**DATA EXTRACTS:**
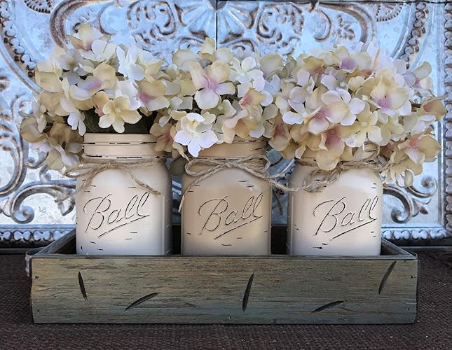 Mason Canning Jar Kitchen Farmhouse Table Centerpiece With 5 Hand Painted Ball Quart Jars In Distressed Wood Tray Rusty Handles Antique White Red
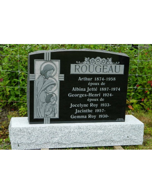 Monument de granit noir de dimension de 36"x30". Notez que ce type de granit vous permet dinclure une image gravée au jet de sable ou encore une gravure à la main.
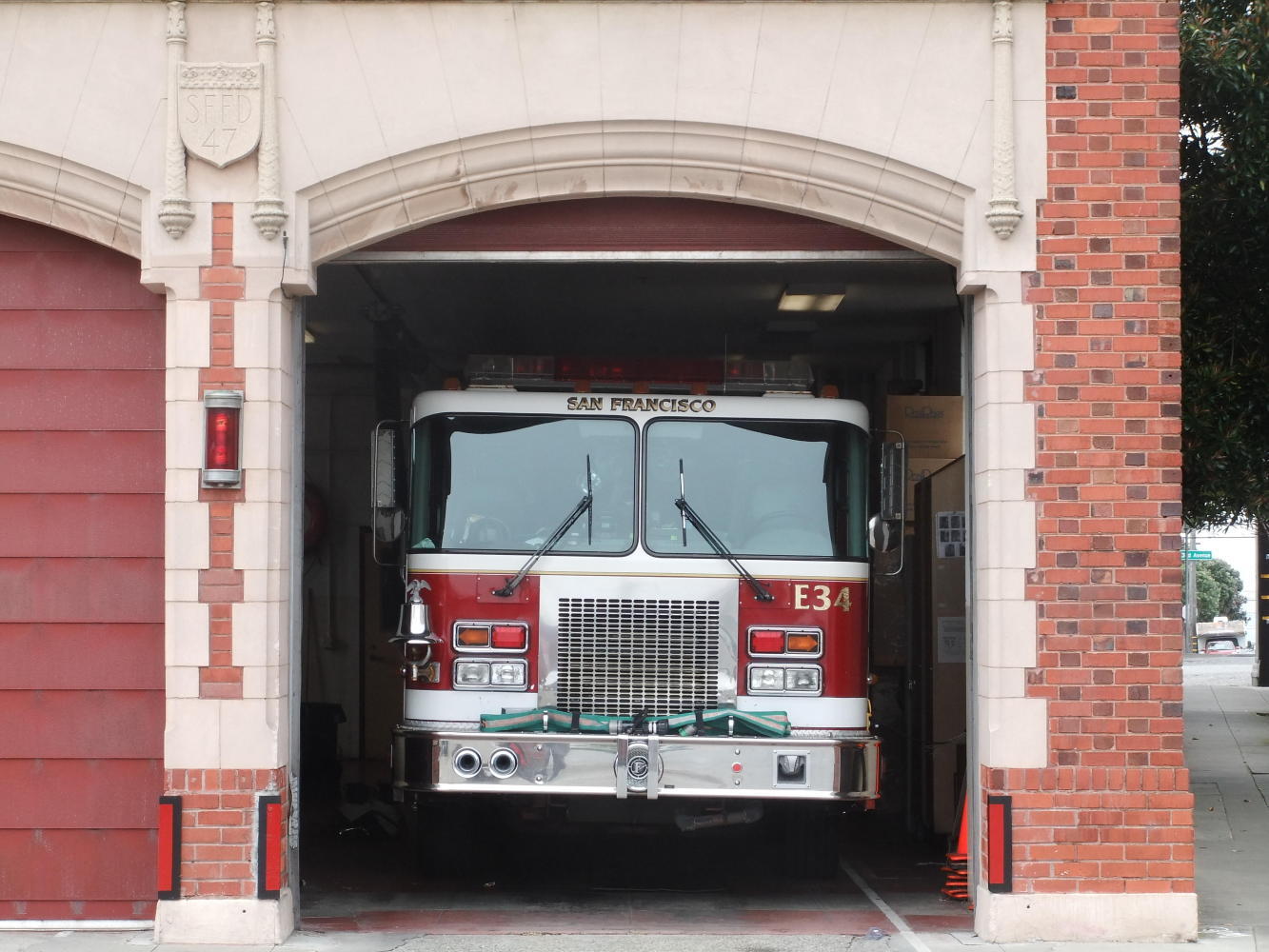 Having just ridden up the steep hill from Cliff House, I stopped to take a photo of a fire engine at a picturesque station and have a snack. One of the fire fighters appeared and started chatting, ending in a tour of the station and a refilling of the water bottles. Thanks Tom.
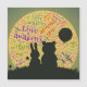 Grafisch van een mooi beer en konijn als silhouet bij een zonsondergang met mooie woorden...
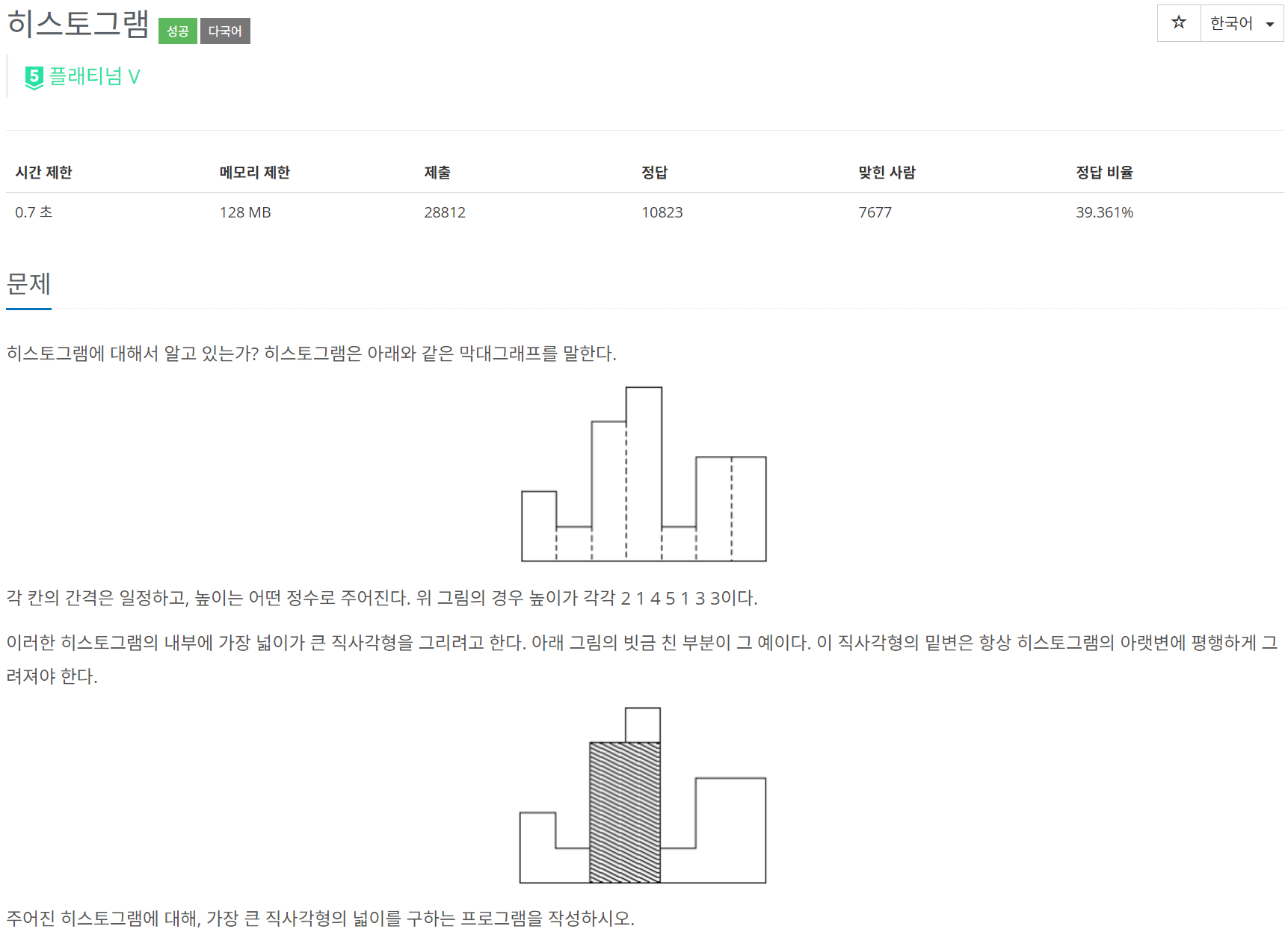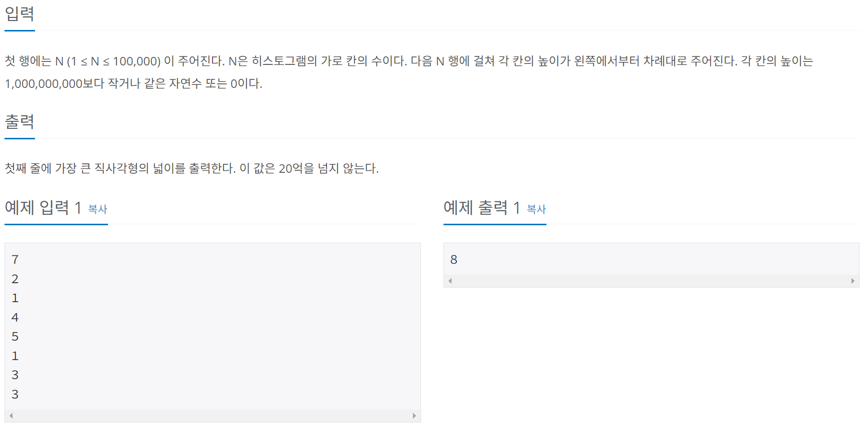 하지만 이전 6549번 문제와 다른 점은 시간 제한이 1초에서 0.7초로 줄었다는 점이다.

--

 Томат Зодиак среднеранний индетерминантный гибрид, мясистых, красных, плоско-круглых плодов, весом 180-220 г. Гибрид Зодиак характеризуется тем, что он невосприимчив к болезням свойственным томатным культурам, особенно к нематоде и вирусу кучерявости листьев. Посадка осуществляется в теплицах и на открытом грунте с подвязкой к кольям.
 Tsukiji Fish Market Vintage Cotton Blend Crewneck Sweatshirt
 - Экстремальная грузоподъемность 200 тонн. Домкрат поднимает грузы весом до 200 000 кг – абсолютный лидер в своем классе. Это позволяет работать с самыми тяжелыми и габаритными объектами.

* * *

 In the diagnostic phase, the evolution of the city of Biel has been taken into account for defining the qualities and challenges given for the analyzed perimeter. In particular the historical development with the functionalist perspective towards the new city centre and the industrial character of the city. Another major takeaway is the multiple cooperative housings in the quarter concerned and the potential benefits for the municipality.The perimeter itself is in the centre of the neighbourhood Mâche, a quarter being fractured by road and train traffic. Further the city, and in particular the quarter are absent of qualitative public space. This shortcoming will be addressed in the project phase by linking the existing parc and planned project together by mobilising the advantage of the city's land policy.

**WORK TO BE COMPLETED:** Print from the line containing "Mason Canning Jar" through the line containing "하지만 이전 6549번" in the data above, exactly as the lines stand, and omit every picture.

**YOUR RESPONSE:**
 Mason Canning Jar Kitchen Farmhouse Table Centerpiece With 5 Hand Painted Ball Quart Jars In Distressed Wood Tray Rusty Handles Antique White Red
 Monument de granit noir de dimension de 36"x30". Notez que ce type de granit vous permet dinclure une image gravée au jet de sable ou encore une gravure à la main.
 Having just ridden up the steep hill from Cliff House, I stopped to take a photo of a fire engine at a picturesque station and have a snack. One of the fire fighters appeared and started chatting, ending in a tour of the station and a refilling of the water bottles. Thanks Tom.
 Grafisch van een mooi beer en konijn als silhouet bij een zonsondergang met mooie woorden...
 하지만 이전 6549번 문제와 다른 점은 시간 제한이 1초에서 0.7초로 줄었다는 점이다.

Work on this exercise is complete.